In this thread, the answer from a MT rep seemed to be fail-over: http://forum.mikrotik.com/t/dns-utilization/93252/1

however, when i look at my traffic flow data for just DNS queries from the mikrotik (ros 6.42.7), im seeing Equal weight (ie spread across the 3x), so how does ros DNS handle if a single dns server is down? do 33% of requests now fail? (see my image below based on 16hours of data, it could just be luck that it appears to be equal weight / 33% per DNS Server of 3x , but this is why we need a solid answer)

We need more info on this , ideally added to the manual (and from mikrotik offical , so we can stop guessing on this pretty important service).
thanks
DNSCapture.JPG

I agree that Mikrotik should put the answer to the topic in the Wiki. I have not found the answer in the WIKI. However, I recall reading a forum article a few years ago in which a forum guru wrote that Mikrotik uses the DNS entries with Round Robin, excluding DNS IPs that don’t reply. It was never made clear how the DNS entries that do not reply are dealt with, nor how often then are queried. At the time, if my memory serves me, the latest version was 5.x, so I am not sure if this applies to 6.40+.

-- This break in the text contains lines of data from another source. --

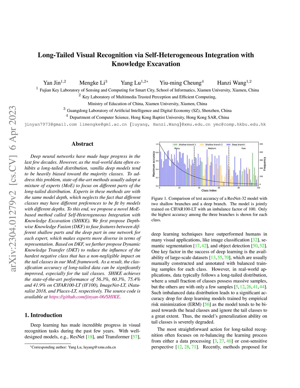 Deep neural networks have made huge progress in the last few decades. However, as the real-world data often exhibits a long-tailed distribution, vanilla deep models tend to be heavily biased toward the majority classes. To address this problem, state-of-the-art methods usually adopt a mixture of experts (MoE) to focus on different parts of the long-tailed distribution. Experts in these methods are with the same model depth, which neglects the fact that different classes may have different preferences to be fit by models with different depths. To this end, we propose a novel MoE-based method called Self-Heterogeneous Integration with Knowledge Excavation (SHIKE). We first propose Depth-wise Knowledge Fusion (DKF) to fuse features between different shallow parts and the deep part in one network for each expert, which makes experts more diverse in terms of representation. Based on DKF, we further propose Dynamic Knowledge Transfer (DKT) to reduce the influence of the hardest negative class that has a non-negligible impact on the tail classes in our MoE framework. As a result, the classification accuracy of long-tailed data can be significantly improved, especially for the tail classes. SHIKE achieves the state-of-the-art performance of 56.3%, 60.3%, 75.4%, and 41.9% on CIFAR100-LT (IF100), ImageNet-LT, iNaturalist 2018, and Places-LT, respectively.
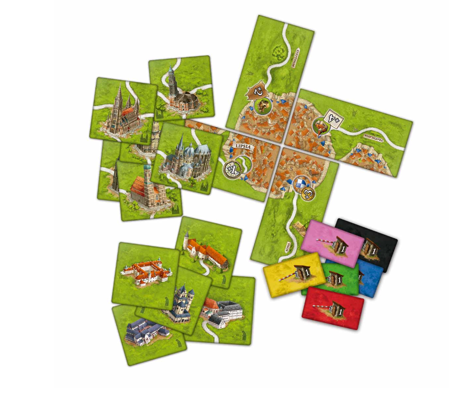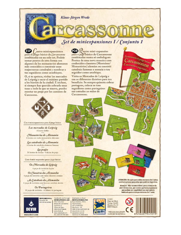 ¡Amplía tu colección de Carcassonne y dale un toque germánico con este set de miniexpansiones! Se trata de 4 nuevos módulos para el juego básico: los mercados de Leipzig, monasterios de Alemania, las catedrales de Alemania y los peajes. Nuevos componentes que darán un giro táctico al clásico título de colocación de losetas.
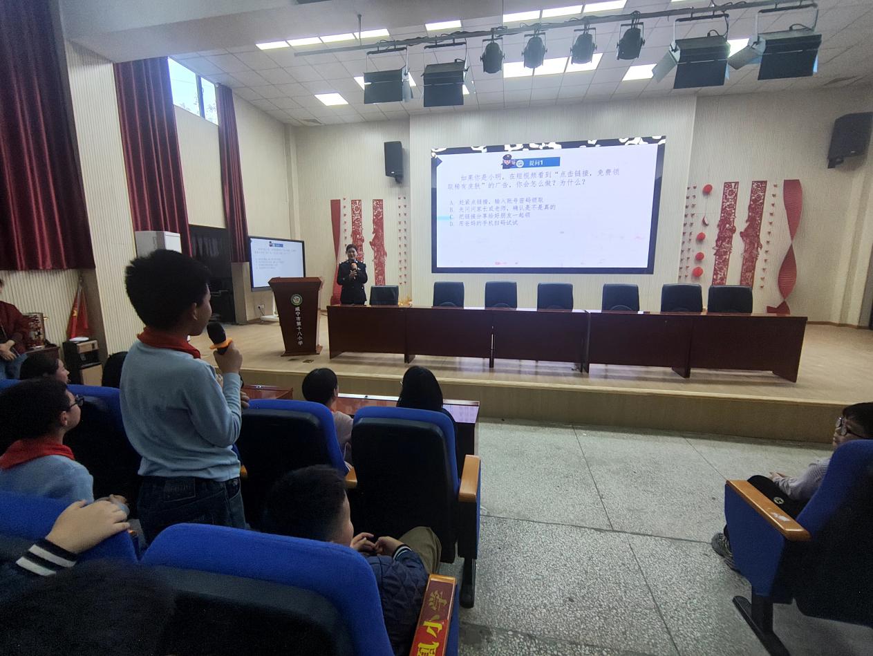 此外,社区还邀请了民警为师生们开展反诈宣传。民警结合实际案例,深入浅出地讲解了常见的诈骗手段和防范方法,提醒大家提高警惕,避免上当受骗。
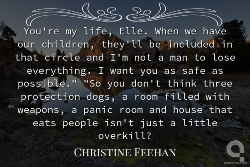 You're my life, Elle. When we have our children, they'll be included in that circle and I'm not a man to lose everything. I want you as safe as possible." "So you don't think three protection dogs, a room filled with weapons, a panic room and house that eats people isn't just a little overkill?
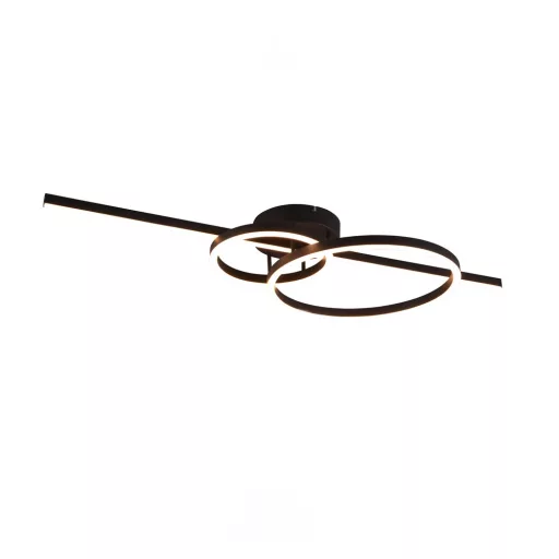 Fekete színű fém vázas mennyezeti lámpa fekete-fehér színű fém és műanyag búrával, 2700-6000K közt állítható színhőmérsékletű beépített LED fényforrással. A lámpa egyéb funkciói: távirányítóval, fényerőszabályzós, színhőmérséklet szabályzóval, éjszakai fény funkcióval.

I can’t seem to find that post … but here is one that may be relevant to you

http://forum.mikrotik.com/t/dns-servers-secondary-before-primary/107622/1

Why?

All you really need to know is that when some configured server doesn’t answer, another will be asked instead. As long as at least one works, you’ll get the answer (if such exists). Everything else falls in “unimportant implementation details” category.

That is not really true. When the operation mode is “round robin” without any failure detection, the result will be that one in 3 (in this case) requests will get no reply and has to be retried, which happens after 2 seconds by default (can be changed in the setup). That slows down the DNS service.
However, I think it is like described above (and it is like this in most Linux resolvers): there is basically a round-robin operation but there is a weight for each server which is adjusted by the average responsetime and the number of timeouts. So when a server responds quickly, it will comparatively get more of the queries, and when it does not respond at all it gets far fewer queries. (probably no operational queries but only queries for the root, to see if it is back up)

Ok, let me try again.

The important thing to know is that it isn’t dumb round-robin, where one dead server would mean that every x-th query fails and needs to be retried. It would be really stupid. It didn’t work like this before and quick test says it doesn’t work like this now. I see simple failover. First server is used initially and when it fails, it moves to next one and so on.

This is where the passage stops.